I am 67 and have worked with the Hunter in the London police force. We had a fleet of dozens in our garage, and there were half a dozen garages serving the whole of London. They were used as CID and general run about cars, and as such did get a hard life, They stood up well to all the abuse given to them, with the most faults coming from a stupid throttle pedal linkage.

Seats would break at the back rest, because police would get in first, then look for the keys by pushing backwards on the seat to get into their pocket. Try it next time you get into your car.

The killer was RUST; both sides of the floor pan would rot away. Some in only two or three years.

Some on this site have mentioned the carbon thrust release bearing for the clutch. This was standard on most volume cars of the time. Drivers would NOT sit at the lights with the car in gear for long periods; it was a known thing. Also on Sundays, many people would tinker to keep the cars going.

When I look back and see how far we have progressed, I am amazed at how well modern cars perform. Do I like my Audi? You bet I do; over 50 MPG and capable of over a hundred mph.

Cars of the 50s and 60s, most would do 60-70mph, but that was it. Only upmarket cars like Jaguar, the Ford Zephyr (just) and Aston Martin could do "the ton".

So if you are a young petrol head, please do not denigrate the old cars. Just be thankful that your car has benefited from all the mistakes of the past. Modern cars do 100,000 miles easy. Much due to the fantastic improvement in lubricants.

1950's cars were serviced every 1000 miles, with a major overhaul at 50,000 miles. Many were scrapped before 100,000.

Do I love my old Hillman? Reluctantly, yes.

Do I expect it to perform well in modern traffic? NO.

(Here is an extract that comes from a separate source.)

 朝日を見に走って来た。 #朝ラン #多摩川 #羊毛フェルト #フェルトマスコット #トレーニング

It's used on high days and holidays when the sun shines... That way the dreaded tin worm might be kept at bay for a few more years. Thanks for reading and enjoy your car safely.

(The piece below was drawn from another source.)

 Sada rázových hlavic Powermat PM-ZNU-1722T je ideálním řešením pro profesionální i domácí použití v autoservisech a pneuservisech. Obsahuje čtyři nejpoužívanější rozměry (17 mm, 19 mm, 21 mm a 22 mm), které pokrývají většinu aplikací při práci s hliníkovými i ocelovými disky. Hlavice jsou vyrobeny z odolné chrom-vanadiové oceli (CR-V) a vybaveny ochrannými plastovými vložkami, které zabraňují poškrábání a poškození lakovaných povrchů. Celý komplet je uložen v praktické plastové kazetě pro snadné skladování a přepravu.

Would you buy another car from this manufacturer? No

Review Date: 30th December, 2012

1972 Hillman Hunter 1.5 from South Africa


An absolute waste of money


You'll find a couple more of my reviews on this site, eg. 1995 Mercedes Benz E220 Elegance, 1994 Mazda MX6 2.5 V6, 2009 Nissan Tiida 1.6, 1999 Daewoo Matiz 800cc, 2002 Fiat Palio 1.6 16V.

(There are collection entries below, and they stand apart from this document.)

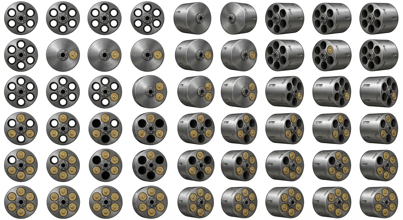 "revolver cylinder with 0-6 bullets loaded, with spinning animation, viewed from the back so you can see the butt of the bullets."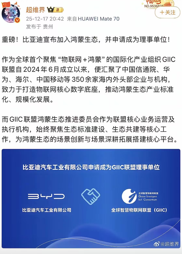 这场合作的意义,远不止于单一企业的生态拓展。它预示着新能源汽车行业的竞争,已从单纯的车辆性能、续航比拼,升级为生态互联能力的较量。比亚迪与鸿蒙生态的联手,不仅将推动行业标准的统一,更会倒逼更多车企和家电品牌加入 “万物智联” 的浪潮。对于消费者而言,这意味着未来的智能生活将更加便捷、高效,车与家的联动将变得无处不在,而曾经的科幻场景,也将逐步走进日常。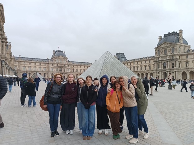 Najboljše pa nas je šele čakalo. Vse smo komaj čakale Pariz. Ker je znamenitosti toliko, da si jih peš ne moreš ogledati v enem dnevu, smo si ga najprej ogledale z nadstropnega avtobusa. Vse dni smo imele 27-28 stopinj celzija. Paris pa nas je priačakal s 13 stopinj in plohami. Pravijo, da je pač takšno pariško vreme »comme si comme ça«. Nas ni preveč motilo, čeprav nas je veter skoraj odpihnil z nadstropja avtobusa. Imamo pa vse super spominek – dežnik.

Feel free to read them all.

Alright, the issues I experienced:

1. The driver windows slid into the door.

2. The wood trim was lifting and worn

3. The gearbox was DEAD

4. Steering was HORRIBLE

5. Lots of rust

6. Poor performance

7. Hell trying to get parts

8. Very few workshops are willing to work on it

9. Ladies don't fancy it too much.

General Comments:

I bought it as temporary transport, and I'm sorry I did. It was bought for US$2000 and I got practically nothing for it.

I hated it, and will NEVER recommend it to anyone.

Given, it was about 40 years old and MIGHT have been good back then, today, I'd rather drive a bicycle than that 'thing'.

Buy at own risk!

Would you buy another car from this manufacturer? No

Review Date: 31st July, 2010

22nd Oct 2012, 22:18

That's right they are 40 years old now LOL.

Realistically you can't expect anything but a classic Chrysler Valiant to still be reliable without restoration after decades. Once the Hunters are restored/reconditioned, they are fine. :)

24th Oct 2012, 01:10

The gearbox was DEAD? Why on earth did you buy it then??